» Exercise prompt: Write out exactly the lines below starting at the one containing "Klar geht das" and ending at the one containing "周二,美国消费者价格指数(C". Omit every picture.

» Source material:
###
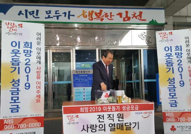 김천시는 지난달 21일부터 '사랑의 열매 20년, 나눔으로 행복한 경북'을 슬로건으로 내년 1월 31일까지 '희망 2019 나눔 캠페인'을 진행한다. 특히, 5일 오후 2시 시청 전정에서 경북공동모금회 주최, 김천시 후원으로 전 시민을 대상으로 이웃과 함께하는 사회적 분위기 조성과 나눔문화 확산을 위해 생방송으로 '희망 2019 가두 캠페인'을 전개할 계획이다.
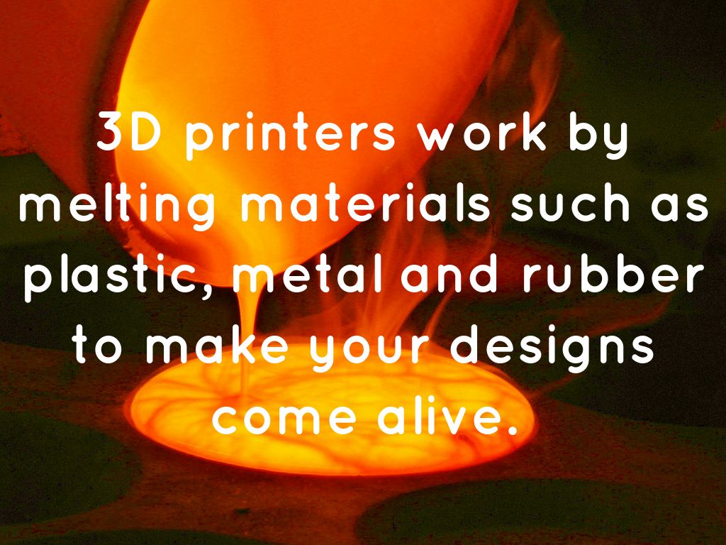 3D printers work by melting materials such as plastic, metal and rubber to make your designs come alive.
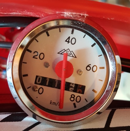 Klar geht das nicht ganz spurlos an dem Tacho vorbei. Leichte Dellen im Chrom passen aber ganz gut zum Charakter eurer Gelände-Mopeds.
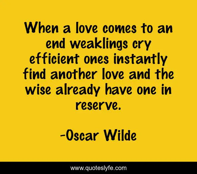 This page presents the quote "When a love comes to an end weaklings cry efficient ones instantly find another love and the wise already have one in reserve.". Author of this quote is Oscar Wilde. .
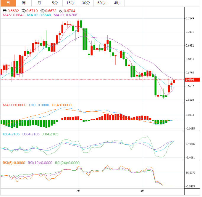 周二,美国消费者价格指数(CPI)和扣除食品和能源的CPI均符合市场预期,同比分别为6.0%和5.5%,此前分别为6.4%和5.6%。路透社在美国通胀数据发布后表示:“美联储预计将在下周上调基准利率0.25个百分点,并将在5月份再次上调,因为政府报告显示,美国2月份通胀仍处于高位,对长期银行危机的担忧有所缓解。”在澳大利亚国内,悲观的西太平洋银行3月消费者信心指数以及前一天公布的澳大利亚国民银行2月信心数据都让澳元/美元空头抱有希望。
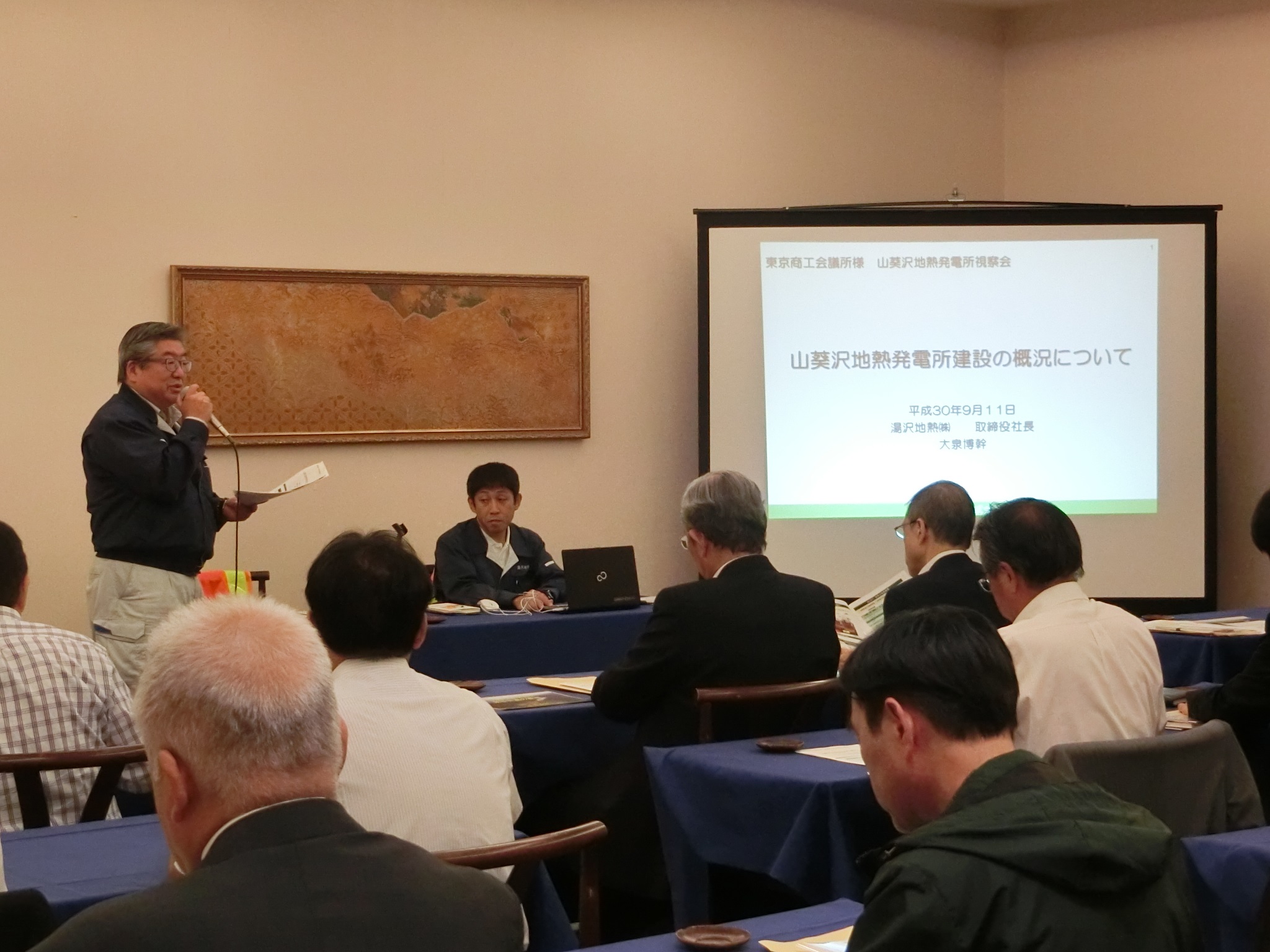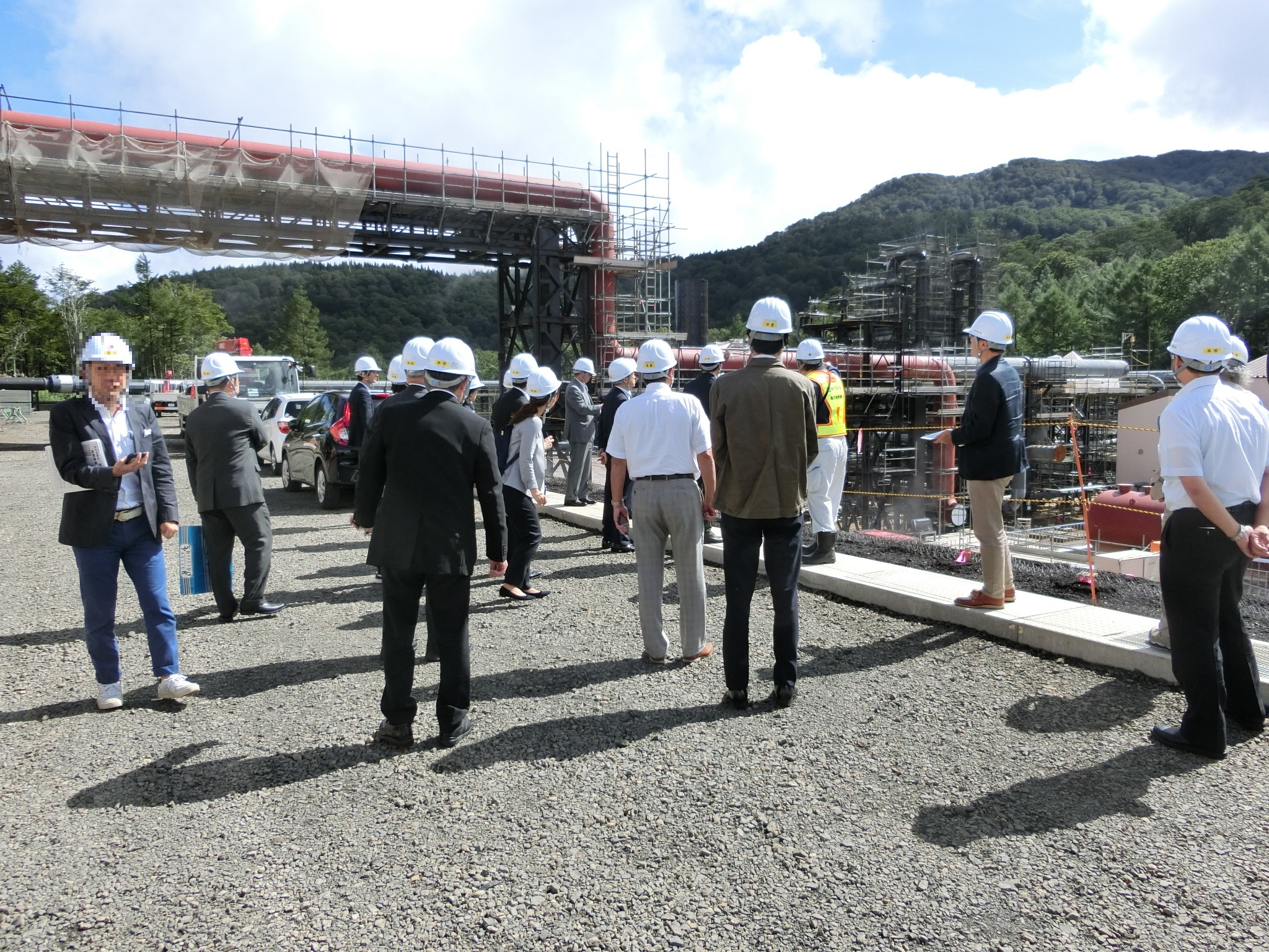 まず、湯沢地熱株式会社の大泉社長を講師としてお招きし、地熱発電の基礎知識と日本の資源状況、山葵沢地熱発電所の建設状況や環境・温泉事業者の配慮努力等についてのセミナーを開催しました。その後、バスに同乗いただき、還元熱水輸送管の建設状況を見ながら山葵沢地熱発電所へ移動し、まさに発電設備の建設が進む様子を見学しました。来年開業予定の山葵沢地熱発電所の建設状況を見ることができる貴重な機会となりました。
###
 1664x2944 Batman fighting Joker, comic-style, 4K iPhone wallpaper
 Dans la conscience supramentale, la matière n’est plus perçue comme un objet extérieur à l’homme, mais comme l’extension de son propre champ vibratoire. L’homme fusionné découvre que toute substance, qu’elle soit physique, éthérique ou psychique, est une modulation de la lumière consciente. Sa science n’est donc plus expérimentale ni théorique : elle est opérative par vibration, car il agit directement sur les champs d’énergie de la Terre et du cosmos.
###
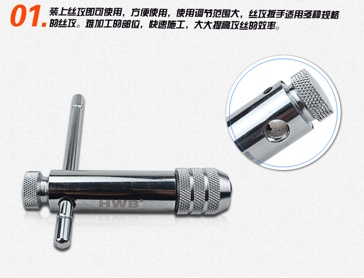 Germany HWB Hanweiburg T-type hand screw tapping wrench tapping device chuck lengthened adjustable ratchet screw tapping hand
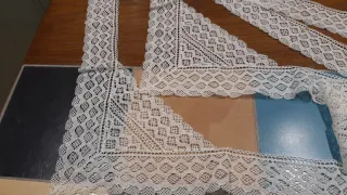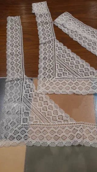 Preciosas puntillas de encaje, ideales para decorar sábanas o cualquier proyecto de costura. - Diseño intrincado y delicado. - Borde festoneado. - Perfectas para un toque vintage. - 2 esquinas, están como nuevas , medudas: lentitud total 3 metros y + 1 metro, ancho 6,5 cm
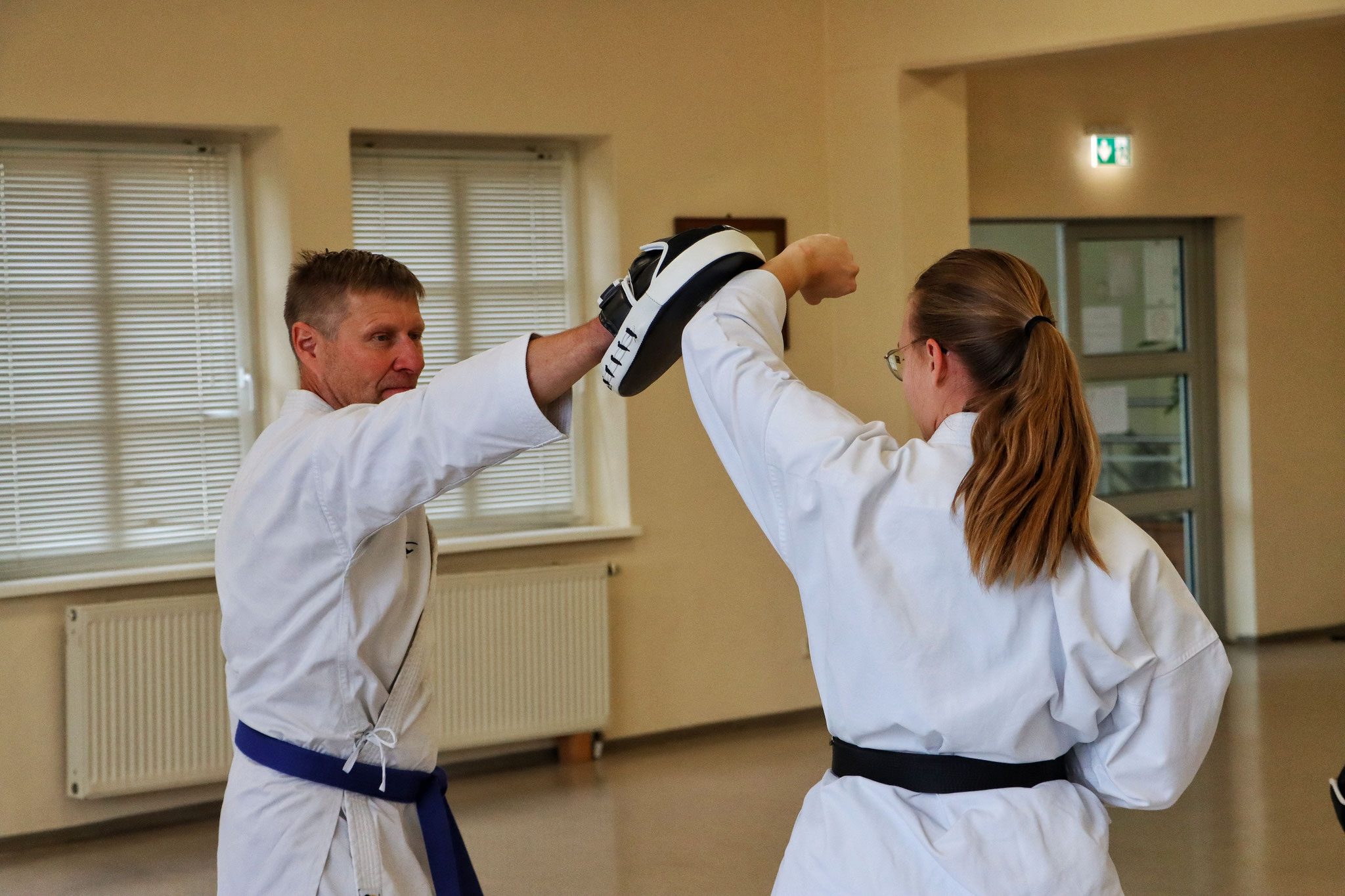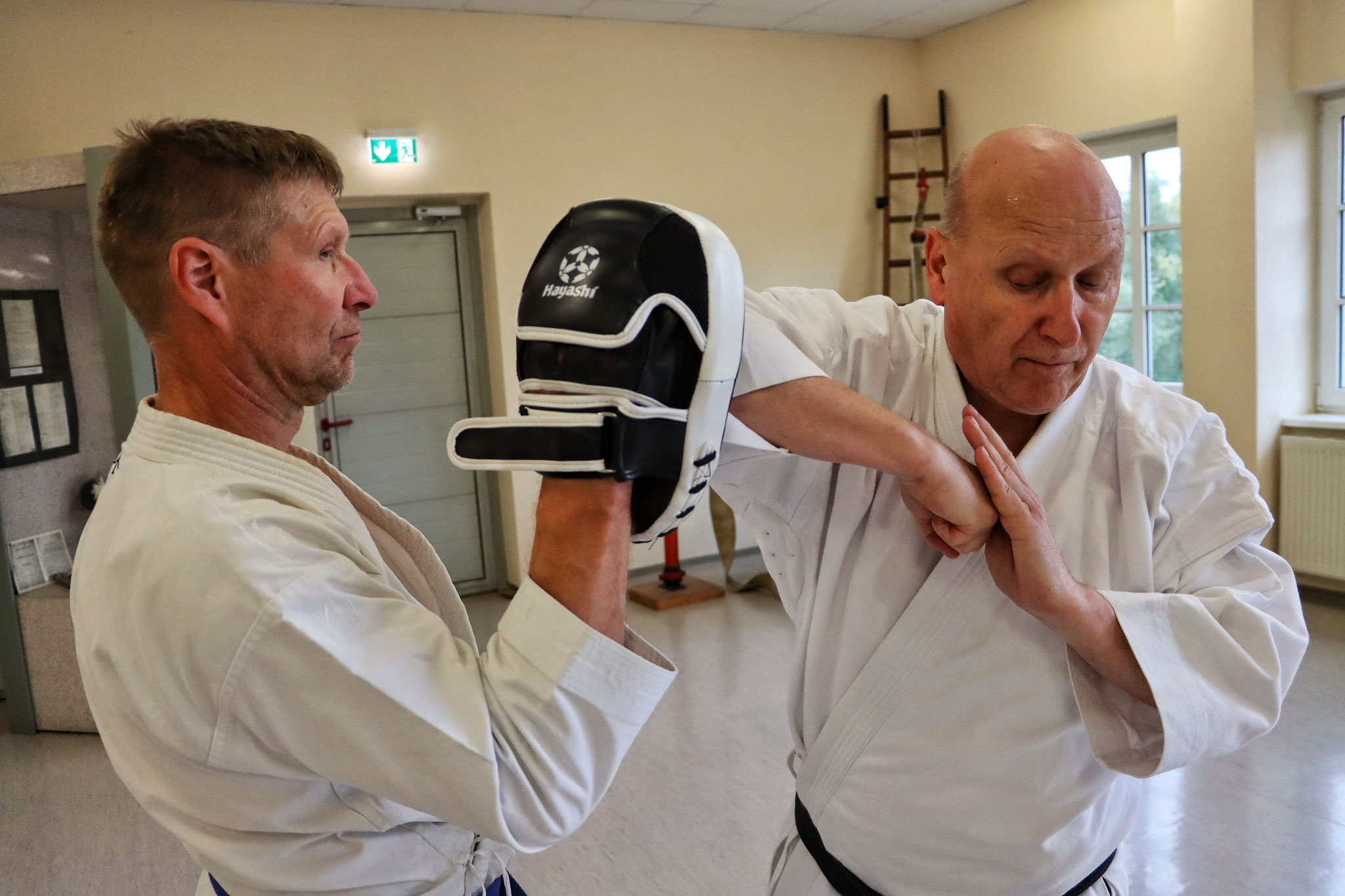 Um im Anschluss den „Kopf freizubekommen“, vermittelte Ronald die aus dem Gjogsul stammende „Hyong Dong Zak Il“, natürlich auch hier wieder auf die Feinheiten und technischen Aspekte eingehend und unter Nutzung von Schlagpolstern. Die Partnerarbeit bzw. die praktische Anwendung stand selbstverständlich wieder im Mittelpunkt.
###
» Answer:
 Klar geht das nicht ganz spurlos an dem Tacho vorbei. Leichte Dellen im Chrom passen aber ganz gut zum Charakter eurer Gelände-Mopeds.
 This page presents the quote "When a love comes to an end weaklings cry efficient ones instantly find another love and the wise already have one in reserve.". Author of this quote is Oscar Wilde. .
 周二,美国消费者价格指数(CPI)和扣除食品和能源的CPI均符合市场预期,同比分别为6.0%和5.5%,此前分别为6.4%和5.6%。路透社在美国通胀数据发布后表示:“美联储预计将在下周上调基准利率0.25个百分点,并将在5月份再次上调,因为政府报告显示,美国2月份通胀仍处于高位,对长期银行危机的担忧有所缓解。”在澳大利亚国内,悲观的西太平洋银行3月消费者信心指数以及前一天公布的澳大利亚国民银行2月信心数据都让澳元/美元空头抱有希望。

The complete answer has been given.